When looking at urban economics in the context of the national economy it is sometimes hard to gauge economic growth versus simply population growth. Generally, the two outcomes seem to have a positive relationship. In a study using data from the U.S. Census and the Bureau of Economic Analysis looking at over 350 U.S. metros from 2001 to 2011 it was found that there is very minimal no connection between the two. Only about 19% of the areas tested experienced both productivity growth, in terms of GDP per capita, and population growth. In comparing the two maps below you can see the differences between population and economic growth across the country. The highest recorded population growth is in Palm Coast, FL with a 6.08% increase. While Corvallis, OR has the highest GDP growth rate at 8.99%.

These findings are consistent with the findings of economist Paul Gottlieb who found in his paper, “Growth Without Growth: An Alternative Economic Development Goal For Metropolitan Areas” and his theory of dividing areas into “population magnets” and “wealth builders”. Generally when an industry is thriving that means more jobs and thus more people wanting to live in the area. Often times single industries dictate the prosperity of a city such as Detroit and the car industry. However, Gottlieb shows the difference between areas that are population magnets but do not have thriving industries and the wealth builders that may have thriving industries but not the great population change. It is very important to look at these two factors in terms of unemployment in certain areas so that we can better understand the idea of spatial mismatch and how to best build our economy to create jobs in the areas that they are needed.




  1. Interesting. Florida and Arizona certainly attract “snowbirds”, are there ways to factor that out, or should we want to include retirement havens?

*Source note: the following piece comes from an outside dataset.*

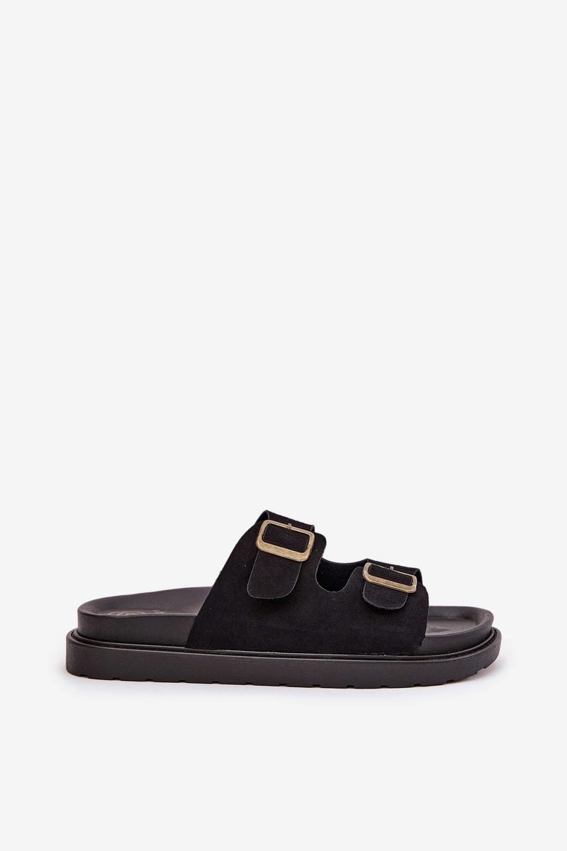 Klapki Damskie Na Platformie Z Klamrami Czarne Simbes

  2. Stephen Moore Stephen Moore

    The correlation between the two maps are very interesting. It is interesting to see lower average annual productivity in places with higher average annual population growth. Although population growth is probably more difficult in more densely populated areas like the Northeast.

  3. HeeJu HeeJu

    I think it is definitely also important to observe the composition of growing population in each state. For instance, Florida may have the highest population growth rate, but
    I presume most of the new residents are recent retirees who ceased to be productive and thus contribute little to the economic growth of state.